Вернуться к З.С. Паперный. Стрелка искусства: О Чехове

Прощание с садом. «Вишневый сад» в «Современнике»

Последняя пьеса Чехова — об этом уже много писалось — опрокидывает привычные жанровые рамки. Одной стороной она непосредственно соприкасается с фарсом, другой — с трагедией. И не то чтобы это были два «берега» — оба начала, фарсовое и трагедийное, так переплелись, что дали новое, особое и неразложимое качество. Вот почему наивно было бы прочитать и поставить пьесу как лирическую, но с отдельными комическими вкраплениями.
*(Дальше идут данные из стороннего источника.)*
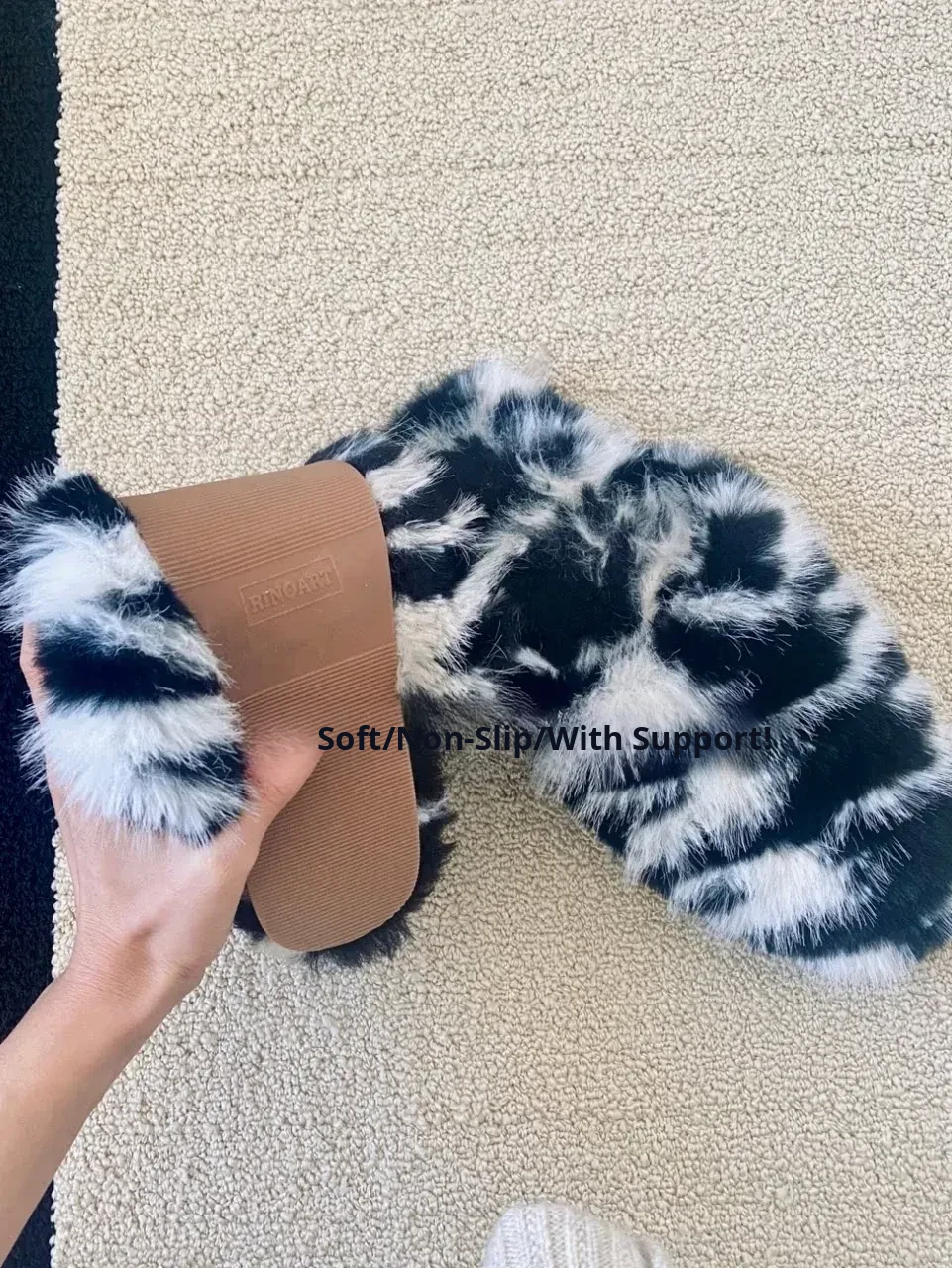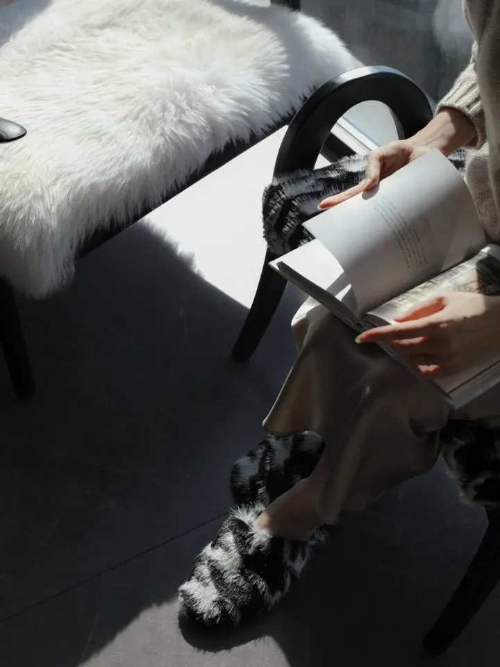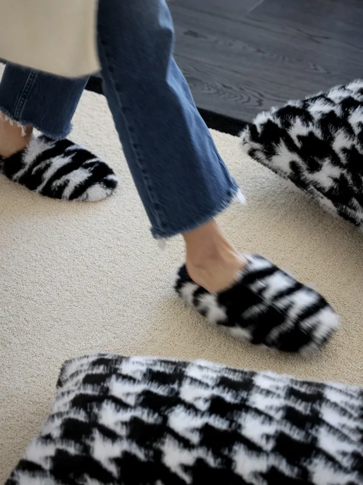 Ruo Nai Premium Mink Velvet Collection! Trendy and Warm OLDCEL*NE Thick Furry Slippers for Stylish Outdoor Wear
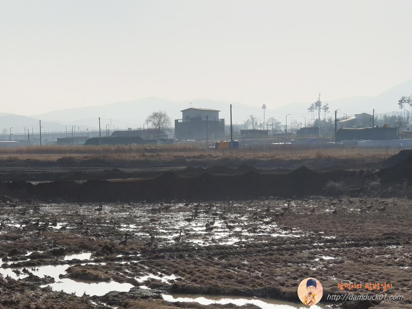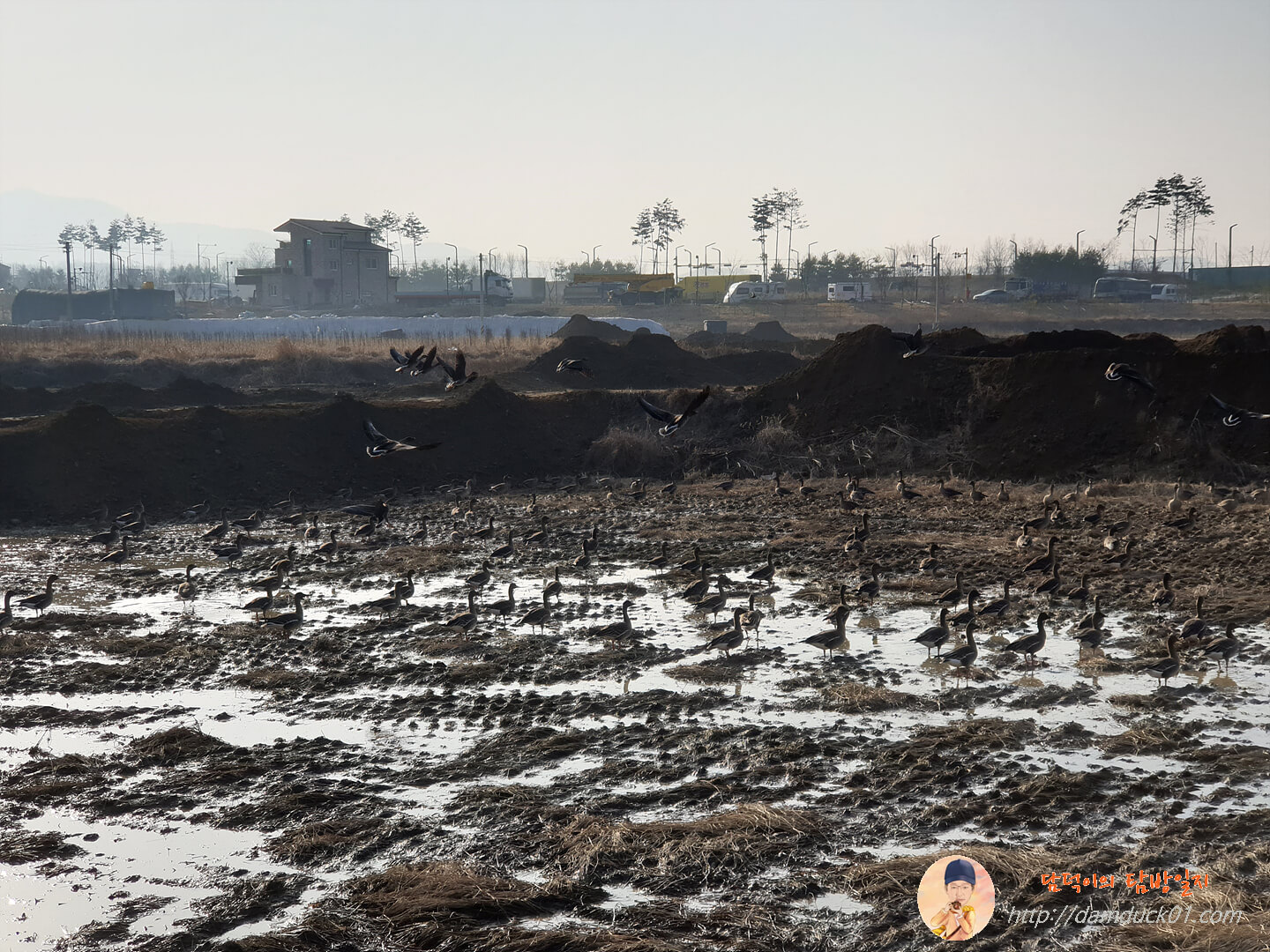그 넓은 중간에는 날아다니는 오리 떼가 많이 보이고요.
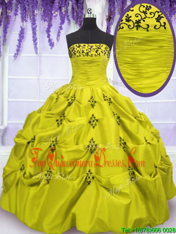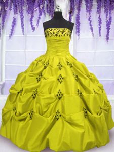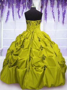 Floor Length Lace Up Quinceanera Dress Olive Green and In for Military Ball and Sweet 16 and Quinceanera with Embroidery and Ruffled Layers
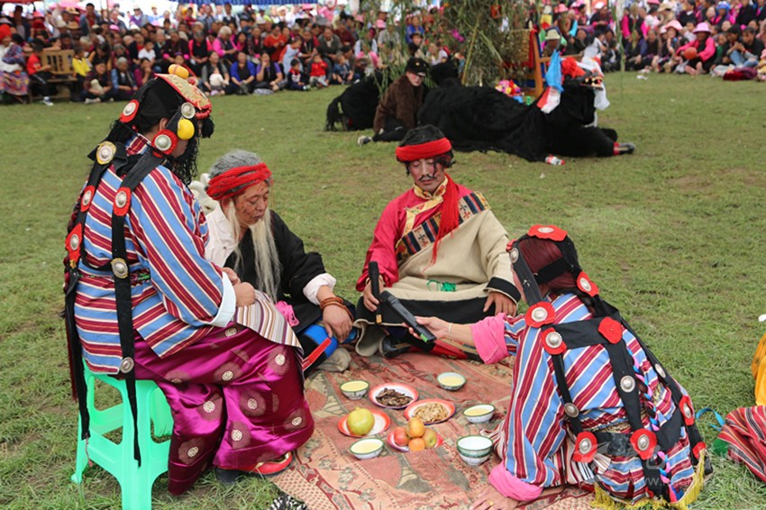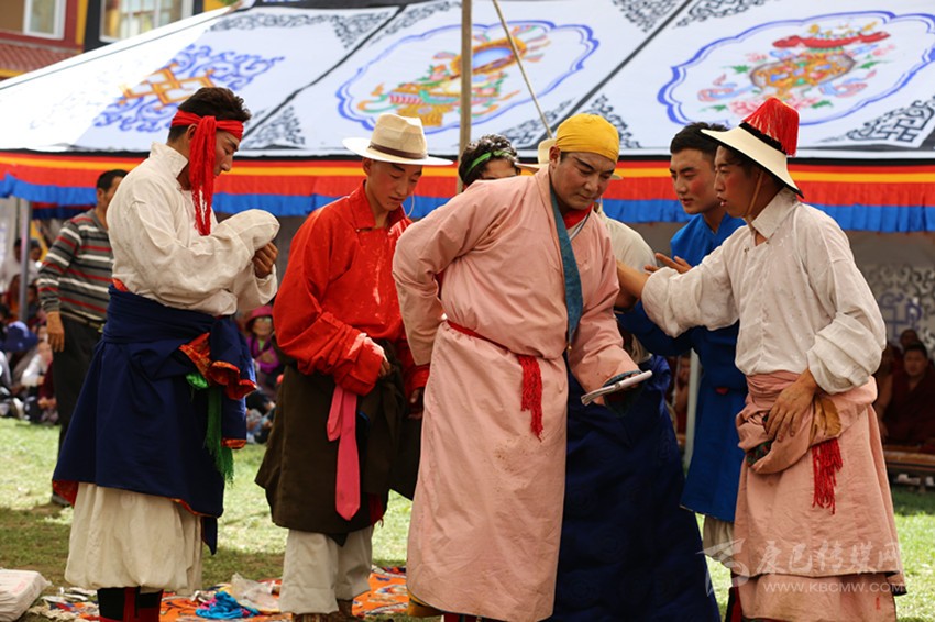 不過依照習(xí)慣,大家還是要募捐。誰家募捐了多少,藏戲團(tuán)會在“央勒節(jié)”的最后一天,即藏戲演出的尾聲“扎西交”上道謝。“扎西交”有幾層意義,祝賀本次“央勒節(jié)”功德圓滿,祈愿來年五谷豐登幸福安康,感謝上天賜予大地的恩惠。演員們向供奉在大帳篷中央的祖師爺唐東杰布莊重磕頭,把撒糌灑向天空,謝幕,“央勒節(jié)”便在熱烈的氣氛中結(jié)束了。每當(dāng)聽到話筒里喊出:“XX顧伙(顧伙:巴塘方言藏語,即搭帳篷的某一家),捐款XX元,道謝了!”時,大家都會生出不舍與惆悵之感,撤帳篷回家,日子又恢復(fù)到平常的瑣碎里了。

В пьесе, например, действует откровенно анекдотический персонаж Епиходов — «двадцать два несчастья», как его называют. То и дело он роняет букет, натыкается на стул, который падает, кладет чемодан на картонку со шляпой — и она уже раздавлена, ломает бильярдный кий и т. д. и т. п. Тут, казалось бы, и надо акцентировать водевильные положения. Однако печать недотепистой епиходовщины, этих «двадцати двух несчастий», лежит едва ли не на всех героях пьесы. И не случайно так много «епиходовских» ситуаций и ходов на протяжении всех четырех актов: то Аня растеряла шпильки, то Дуняша разбила из-за Яши блюдечко, то Раневская уронила портмоне и рассыпала золотые монеты, то Петя Трофимов с лестницы упал.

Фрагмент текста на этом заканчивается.